CBT runs 8–16 sessions. Covered by Korean insurance — ₩10,000–30,000/session.
M3 — Daily integration and relapse prevention
- Medication + CBT effects stabilize — attack frequency ↓ 80%+
- Daily exercise — 30 min (aerobic is most effective)
- Caffeine ≤200 mg/day (~2 coffees)
- Alcohol ↓ (≤2 occasions/week, 1 drink each)
- 8 hours of sleep
- Identify and manage stress triggers
- Medication tapered gradually under doctor's guidance (after 6–12 months)
Panic disorder at the Korean workplace
- Mental-health diagnoses are "personal information" — no legal duty to disclose
- If attacks at work are frequent: partial disclosure to HR/EAP → negotiate safe environment (quiet space, break time)
- Discrimination based on mental-health disease is prohibited (Disability Employment Promotion Act)
- For severe cases, mental-health leave (1–3 months with a psychiatric note)
Family/friend role
During an attack
- Don't panic — stay calm
- Convey "it will pass in 10 min"
- Help with grounding and breathing
- Don't leave them alone
- No ER (after a confirmed diagnosis)
Daily
- Not "weak-minded" — panic is a neurological disorder
- Exercise / diet / sleep together — affects their stability
- Give "safe" signals at premonitions
- Active accompaniment to treatment
Red flags — see a doctor immediately
- 3+ attacks per day (1+ week)
- Suicidal urges after attacks
- Onset of alcohol/drug dependence
- Strong fear of leaving home (possible agoraphobia)

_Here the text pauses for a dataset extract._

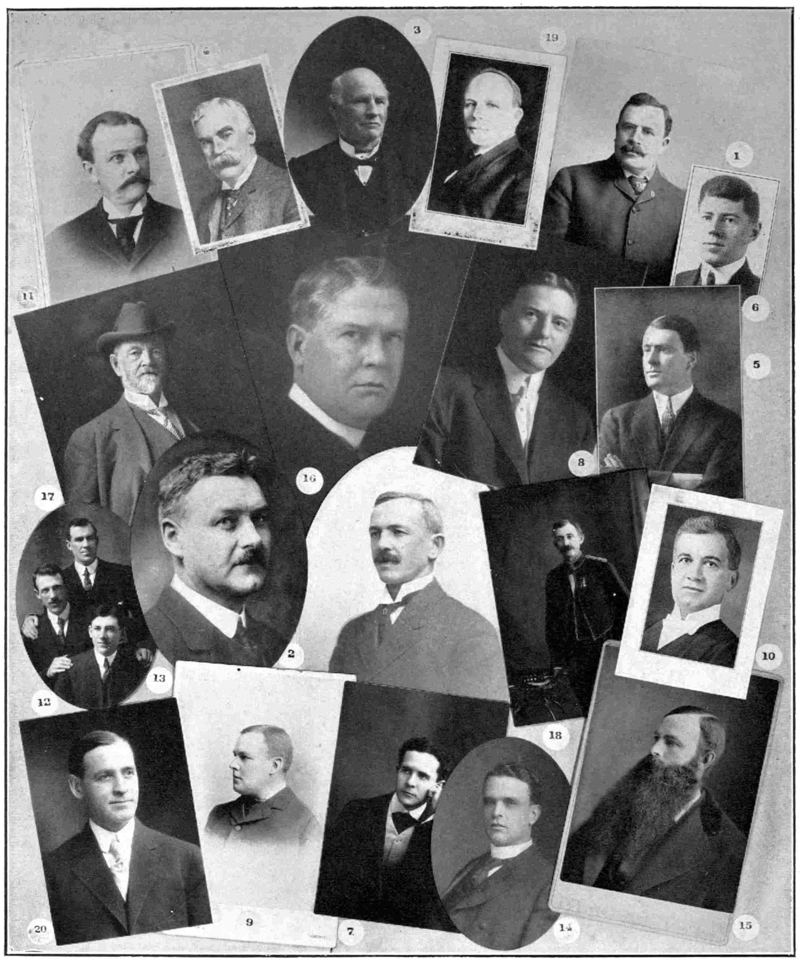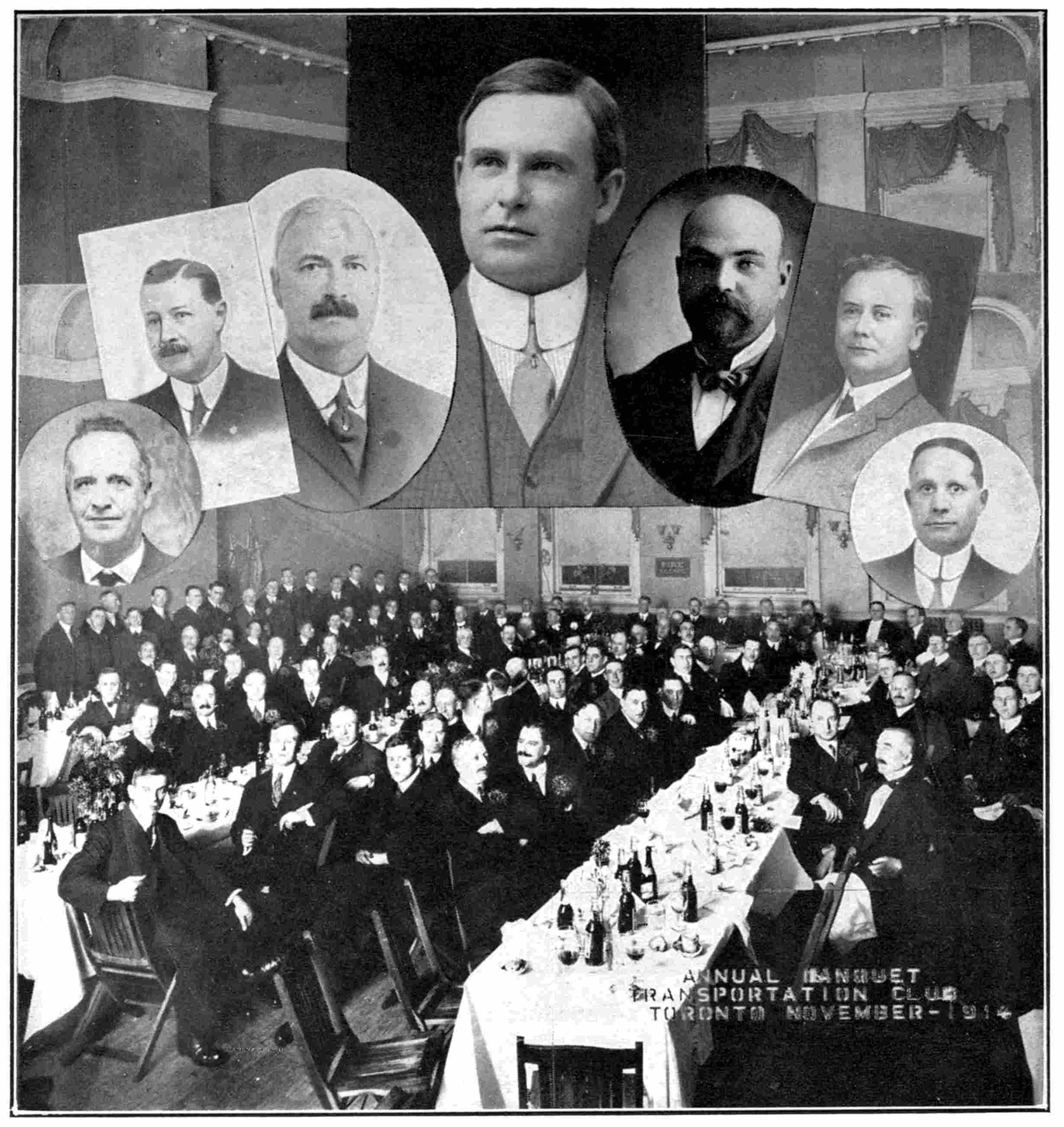 Top rows—W. J. Moffatt, C.P.A., Toronto; L. L. Grabill, Asst. Gen. Bge. Agt., Toronto; M. O. Dafoe, C.P. & T.A., Montreal; J. E. Quick, Gen’l Baggage Agent; F. P. Walsh, G. M., Crosby Tpn. Co., Milwaukee; C. P. Orttenburger, C.P.A., Chicago; J. P. Shea, T.P.A., Boston; A. A. Gardiner, G.C., Montreal.

- Severe medication side effects
1577-0199, 1393, psychiatry within 24 hours.
Traps to avoid
- "Forever after one attack" fear — 80%+ recover with treatment. Fear itself raises frequency.
- Activity ↓ from avoidance — avoiding outings/exercise/work "to prevent attacks" → life ↓ and possible agoraphobia.
- Stopping medication on your own — without guidance, relapse risk ↑↑.
- Relying on alternative medicine alone — Korean herbal/acupuncture attempts are common, but not as monotherapy. Combine with the main treatment (medication, CBT).
- Alcohol as a sleep aid — short-term ↓ but long-term dependence and worse symptoms.
Korean resources
- 1577-0199 — mental-health crisis
- 1393 — suicide prevention
- National Center for Mental Health — panic-disorder clinic
- EAP — 8–12 free workplace sessions
- Korea Panic Disorder Association — self-help groups
Takeaway
- Panic attack = a 10–30-min "safe false alarm." Not death, not heart attack.
- 10-min first aid: 5-4-3-2-1, 4-7-8 breathing, cold water, self-recognition.
- From the second attack, no ER — evaluate once, then psychiatry.
- 3-month recovery: medication, CBT, daily-life change. 80%+ recovery rate.
- Family participation + exercise + lower caffeine are major relapse-prevention variables.
- Any 1 of 5 red flags = immediate psychiatry / 1577-0199.